Filmbesprechungen

Resident Evil 6: The Final Chapter

Inhalt

Der T-Virus hat die größten Teile der Menschheit dahingerafft und für Alice gibt es kaum noch ein Ziel zur Flucht. Resigniert möchte sie die Sache nun zu Ende bringen und reist zum Ausgangspunkt der Epidemie zurück, um den Umbrella-Konzern an einer Hauptstätte in Raccoon City zu vernichten…

Fazit

Im Gegensatz zum fünften Teil hat das Storytelling endlich wieder Fahrt aufgenommen und die Geschichte zumindest wieder einen kleinen Ticken nach Vorn und letztlich auch zum Abschluss gebracht. Richtig gehaltvoll ging es zwar auch hier nicht zu, doch erneut haben die grandiose Optik und ein furiose Actionszenen für großes Staunen sorgen können.

Wieder einmal hat Anderson das Sprichwort “Style over Substance” wörtlich genommen, Handlung, Figurenentwicklung und alles Andere nach Hinten gedrängt, der ungehemmten Action freien Lauf gelassen. Das Auge wusste gar nicht, wo es hinschauen soll und das Hirn musste eine Arbeit ordentlich eindämpfen.

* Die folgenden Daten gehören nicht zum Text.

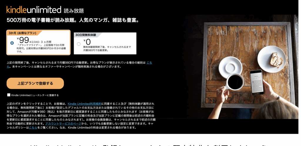 Kindle Unlimited:2,940円 → 297円(2,643円お得)
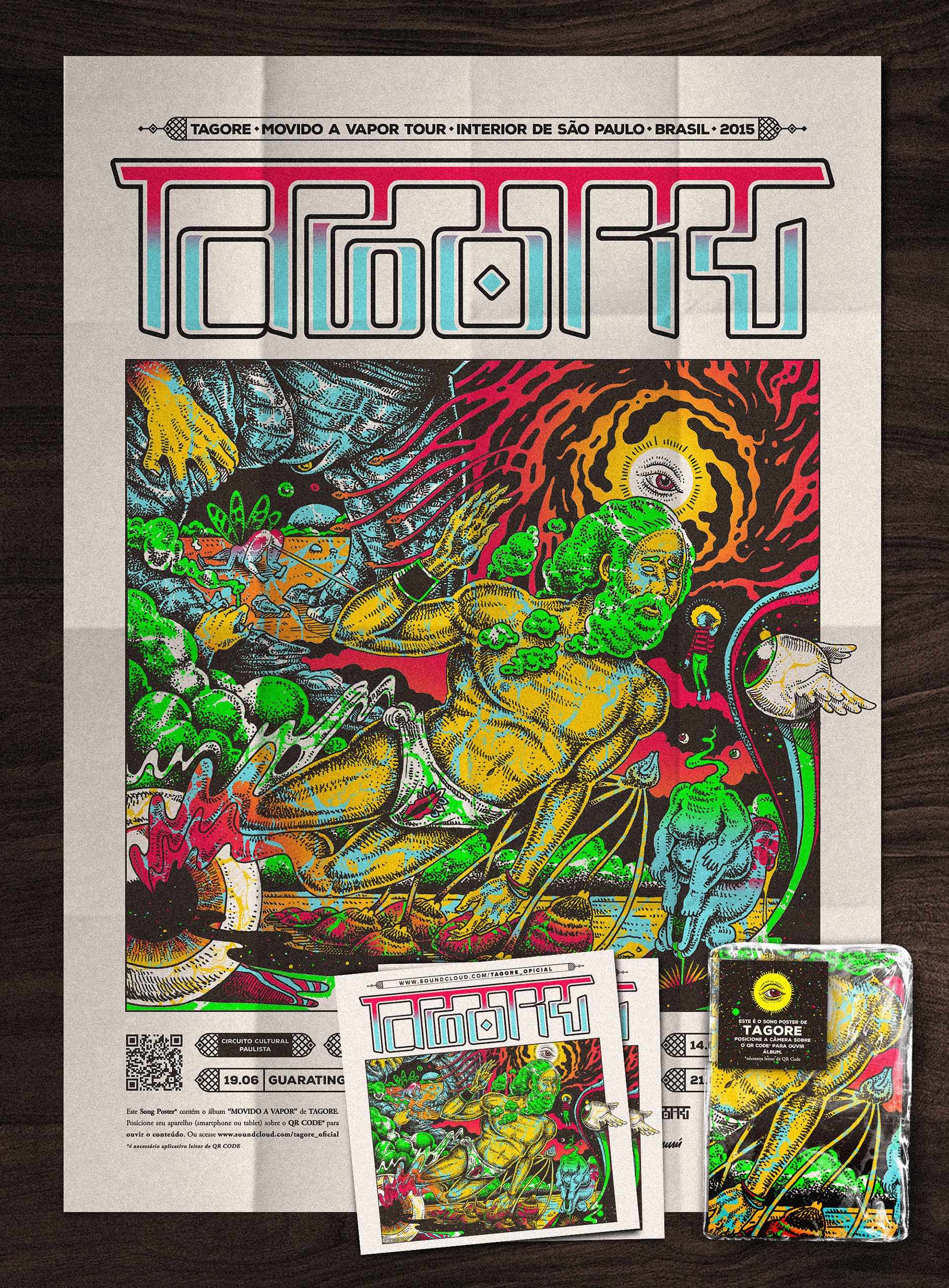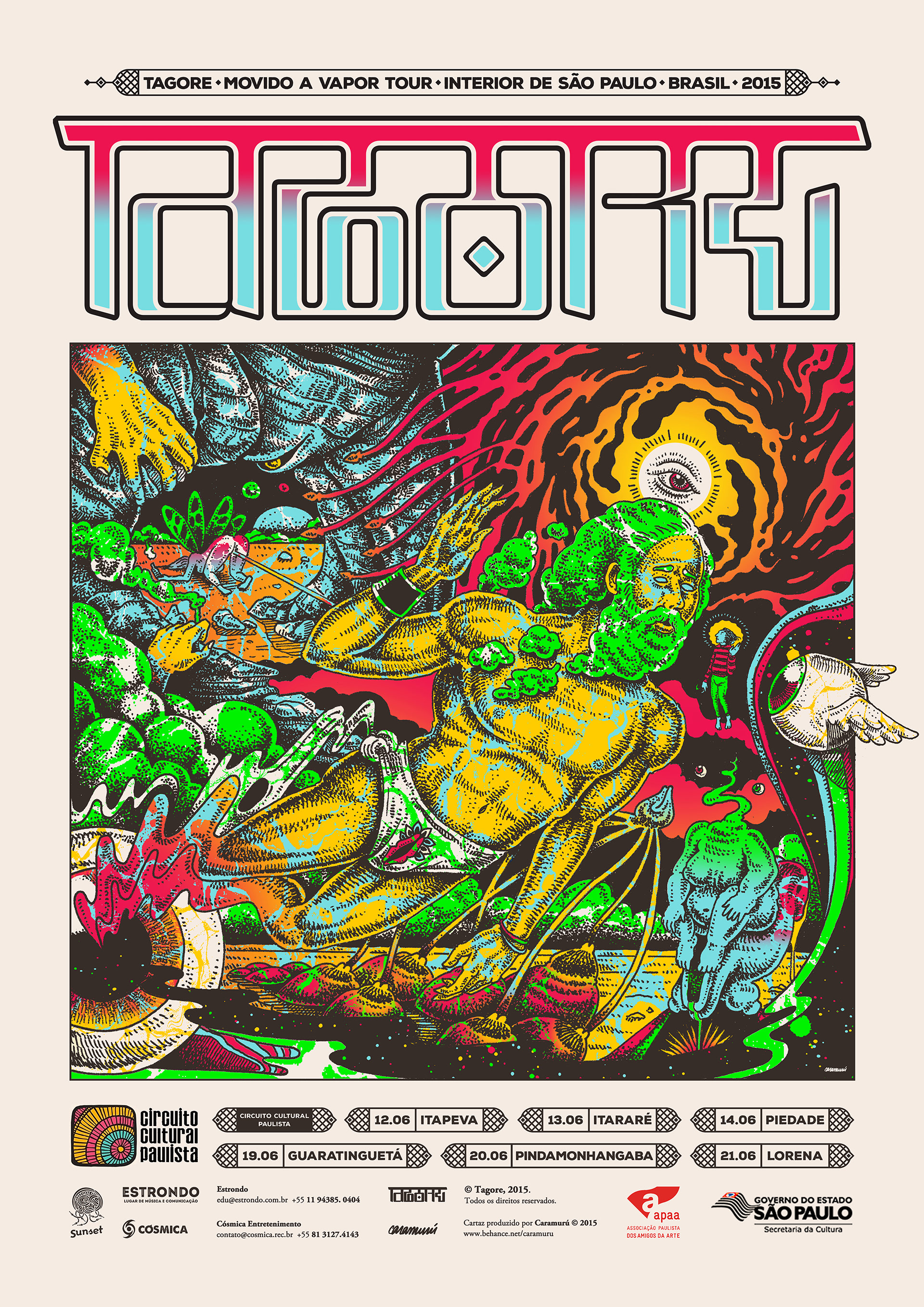The meeting psycho-physical philosopher between Rabindranath Tagore and the enlightened vagabond. This illustration shows the band TAGORE tour of the interior of São Paulo-Brazil.

Abermals waren die Gefechte atemberaubend, blutig und die Hilfe des Computer dabei nicht übel. Die Effekte waren einwandfrei, ebenso der glatte Look, der auf einer hervorragenden Blu-Ray bestens zur Geltung kam. Das war dann soweit auch gut anzuschauen, sofern man Logik und Handlung dafür ausblenden konnte.

Bis auf ein paar Namen und dem mächtigen Umbrella-Konzern gab es keinerlei echten Parallelen zur Spielevorlage mehr, doch aufmerksamen Zuschauern dürfte dies bereits weitaus früher aufgefallen sein. Inhaltlich gab es dann nicht viel zu berichten, außer dass die Story mit simplen Auflösungen nun endgültig zu Ende erzählt wurde und das Finale durchaus zufrieden stellte.

So richtig gut ist das Finale der Zombie-Serie nicht geworden, doch Anderson blieb seinen bisherigen Qualitäts-Standards weitestgehend treu und erlaubte sich auch keinen Ausreißer. Er lieferte in bekannter Manier ab, verwurschtelte Elemente der Vorlage auf seine eigene Weise und ließ der audiovisuellen Betörung die Vorfahrt. Fans der Vorgänger freuen sich, der Rest wendet sich höchstwahrscheinlich wieder desinteressiert ab.